The volcanic rock in the southwest Sichuan region is subjected to large-scale fracture type eruption along fracture, the energy release is fast, the overflow phase basalt is taken as the main component, the explosive phase pyroclastic rock is few, the distribution trend of the volcanic rock in the middle region of the southwest Sichuan region has better correlation with the fracture of the No. 13 basement, and the small-scale central eruption along fracture is presumed, the energy release is slow, and the explosive phase pyroclastic rock is much. In combination with aeromagnetic anomaly measurement data, 11 basal fracture systems can develop in the Sichuan basin and the periphery, and the Sichuan basin have control effects on development of Chunxi volcanic rocks, namely, Hakko break (No. 13 basal fracture) and Longquan mountain-Zheba fracture. The deep and large fracture of the basin foundation not only has deep influence on the structure of a cover layer and the deposition pattern, but also has strong control effect on volcanic activity because the deep and large fracture of the basin foundation has large cutting depth and can communicate with a deep rock slurry room, and a fracture zone can also be used as a rock slurry upwelling channel, and the junction of the deep and large fractures is the more advantageous position of rock slurry upwelling overflow.
The volcanic channel seismic response characteristics are nearly vertical, disordered inside, bright spots, blank reflection and weak boundary reflection characteristics, and the upper part of the two-fold system abnormal body is disordered hill reflection. Influenced by the size of the channel, the volcanic channel wall is not obviously reflected, and the identification of the channel boundary has certain difficulty.

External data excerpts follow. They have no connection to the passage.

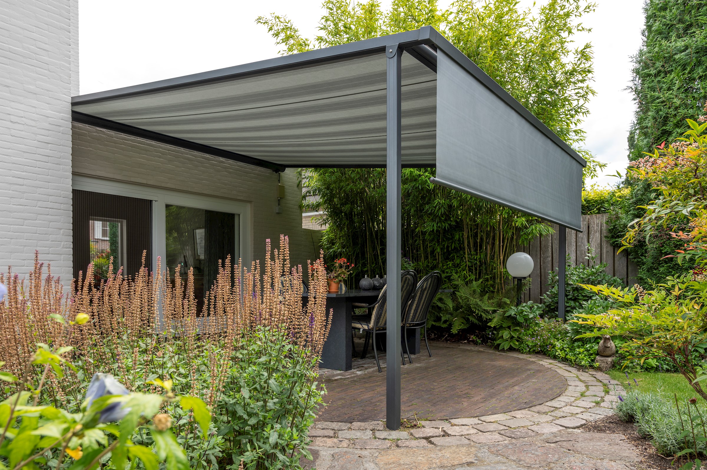 De Comfort-Line Pergola+ zip is een pergola zonwering met een aantal mooie accessoires. Ook is de verstevigingsbalk verplaatst en zit deze hier tussen de geleiders. In de horizontale aluminium balk kan optioneel een uitrolbare volant, sfeervolle LED-verlichting of een combinatie van beide worden toegevoegd.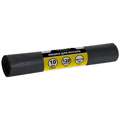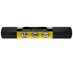 Мешки для мусора 360л черные в пласте 10 штук особо прочные, ПВД 60 мкм, 110x140см, LAIMA, 702687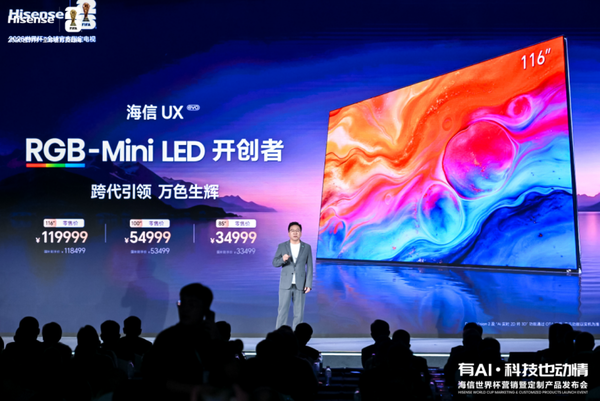 海信UX 2026款推出85、100、116英寸三大黄金规格,精确中意不同家庭的空间与体验需求,零卖价离别为34999元、54999元、119999元。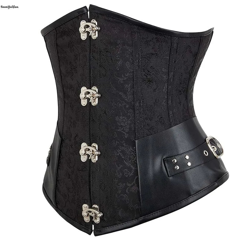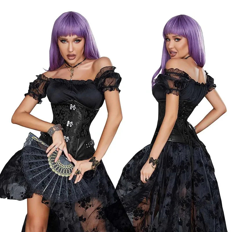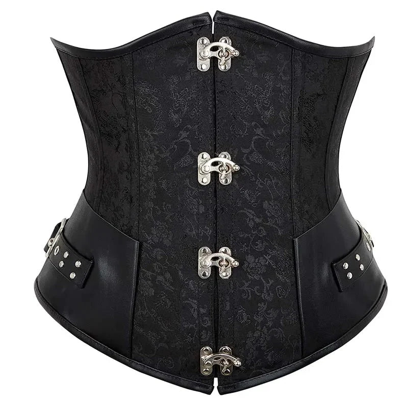 Questo corsetto steampunk sotto il seno dal design audace modella perfettamente la silhouette con carattere. Dotato di 12 stecche in acciaio, offre un forte supporto e un effetto snellente per la vita. Ideale per eventi, uscite serali, cosplay o come accento deciso per lo stile quotidiano. Include perizoma in colore coordinato.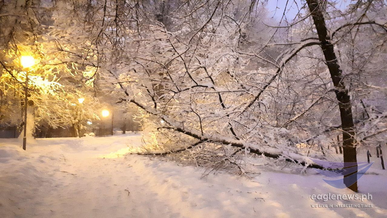 A street lamp casts a warm glow over snow-covered trees lining up a pathway in Moscow on Monday, February 5, 2018. Temperatures continue to dip in Moscow, fluctuating from negative 12 to negative 17 degrees Celsius. Photo by Emy Coloma, EBC Correspondent in Moscow, Russia. (Eagle News Service)

The volcano channel can be well identified through the seismic pixel processing technology, and the main content of the technology comprises the steps of carrying out transverse forced filtering on the seismic data, highlighting the discontinuity of the longitudinal seismic data and identifying the small-scale volcano channel. The forced filtering adopts a self-adaptive construction orientation denoising method for removing tuning and random noise and simultaneously has a good storage effect on tiny details in data, such as boundary corners and the like. The method can automatically adjust the azimuth according to the main construction direction without pre-calculating an inclination angle and an azimuth data volume, has good denoising effect in a chaotic reflection area, can specify the dominant direction of a signal in the filtering process, and performs filtering iteration for multiple times. The reflection characteristics of the vertical volcanic channels can be more clearly seen on the seismic section after filtering (figure 1).
Extracting an earthquake dip angle change rate attribute body, an azimuth angle change rate attribute body and a coherent attribute body based on multiple times of filtering data, and realizing attribute body fusion by adopting a principal component analysis dimensionality reduction technology, wherein the PCA main algorithm comprises the following steps:
solving a covariance matrix (or a correlation coefficient matrix) of the independent variables;
solving the eigenvalue of the covariance matrix (or relation matrix) and the corresponding eigenvector;
arranging the eigenvectors into a matrix from top to bottom according to the size of the corresponding eigenvalue, and taking the first k rows to form a matrix a (k × p dimension);
Y=aTx (Y is k X1 dimension) is data from dimension reduction to k dimension, and the principal component score of each sample is calculated;
the principal component score of each sample can be plotted in a scatter plot and clustered, or the principal component score can be regarded as a new dependent variable and subjected to linear regression, and the like. The fused data volume after the principal component analysis has clear volcanic channel abnormal characteristics, and the volcanic channel development area longitudinal seismic reflection structural abnormality and the upper binary system abnormal volume have obvious corresponding relation (figure 2), thus forming a volcanic cone distribution diagram.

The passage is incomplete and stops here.